This post was rejected for the following reason(s):
Low Quality or 101-Level AI Content. There’ve been a lot of new users coming to LessWrong recently interested in AI. To keep the site’s quality high and ensure stuff posted is interesting to the site’s users, we’re currently only accepting posts that meets a pretty high bar. We look for good reasoning, making a new and interesting point, bringing new evidence, and/or building upon prior discussion. If you were rejected for this reason, possibly a good thing to do is read more existing material. The AI Intro Material wiki-tag is a good place, for example. You're welcome to post questions in the latest AI Questions Open Thread.
🔹 Intro:
"AI is advancing rapidly, but one thing still seems missing: a structured way for AI to question its own decisions. Right now, models predict, generate, and act—but they don’t truly reflect before acting. Could self-questioning improve AI alignment, reliability, and safety?"

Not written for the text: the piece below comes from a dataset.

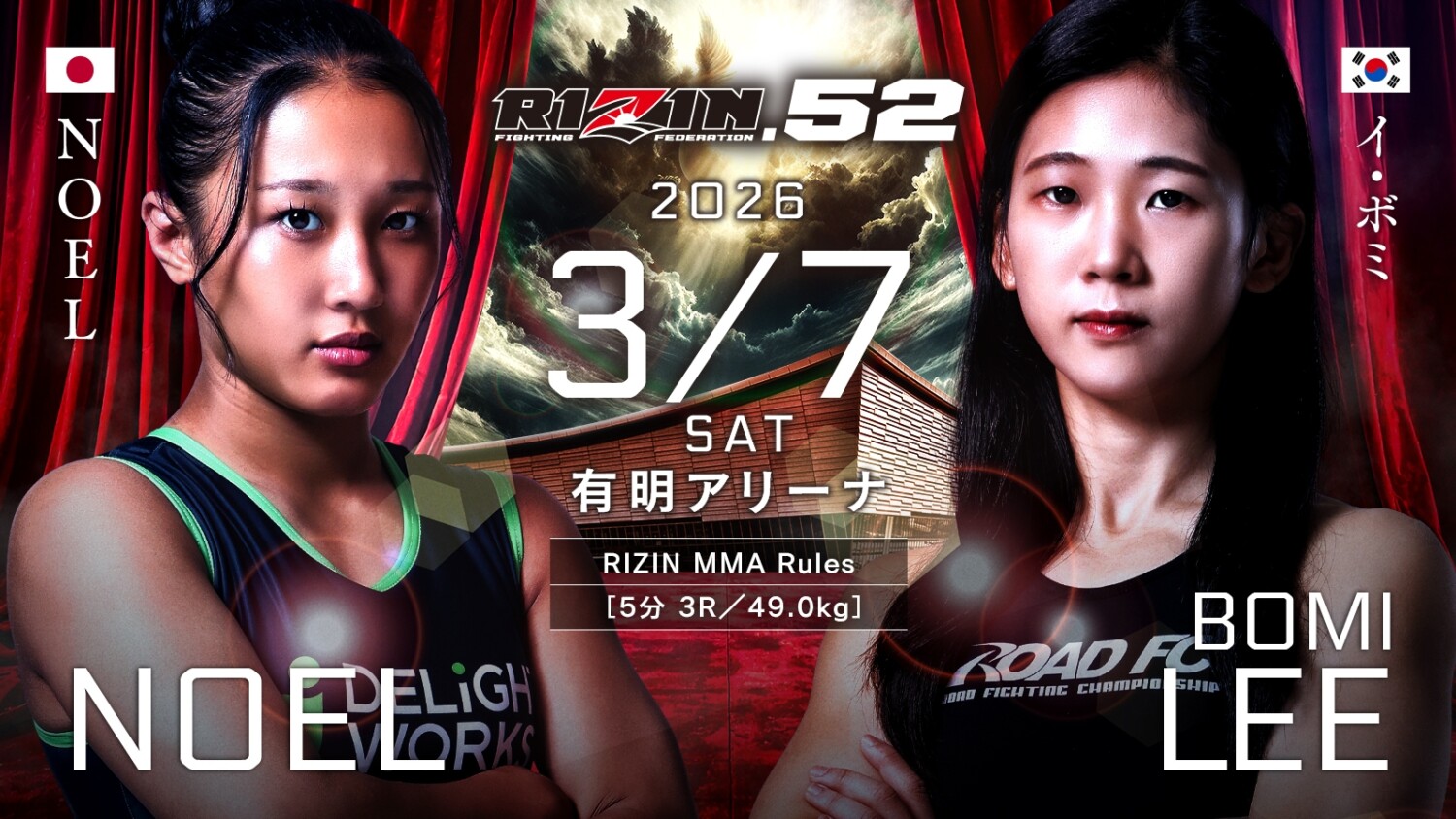 NOELは17歳。小学生時代にムエタイを習い、12歳からMMAをはじめ、24年修斗でプロデビューし4戦2勝2敗。RIZIN甲子園のスポンサーでもあるDELiGHTWORKSから支援を受け、昨年7月の超RIZIN.4でRIZINに初参戦したが、須田萌里に2Rアームロックで一本負け。11月の名古屋大会のオープニングファイトでは海咲イルカに2R腕十字で一本勝ちした。

🔹 Where This Idea Came From (Important Part!):
"I’m not an AI engineer, and I don’t come from a coding background. This concept came from deep discussions between myself, GPT-4, and OpenAI’s models—exploring how structured cognition could improve AI decision-making."
🔹 The Core Idea:
"Humans don’t just act—they hesitate, reconsider, and adjust. Could AI benefit from structured self-reflection? Imagine an AI that predicts an output, then runs an internal process to challenge that output before finalizing its action."
🔹 Existing AI Alignment Conversations:
"AI alignment efforts focus on interpretability, corrigibility, and intent alignment. But is part of the problem that AI never pauses to assess its own reasoning?"
🔹 Proposing a Model (Without Going Too Technical):
"I’ve been working on a structured cognition framework (CRIKIT) that introduces predictive validation, memory oversight, and self-questioning. I’m not saying this is the solution, but I’d love to hear thoughts from those who have worked on similar concepts."
🔹 Closing Question:
"Could AI self-reflection (not just interpretability) be the missing link? Or would it just slow AI down without meaningful gains?"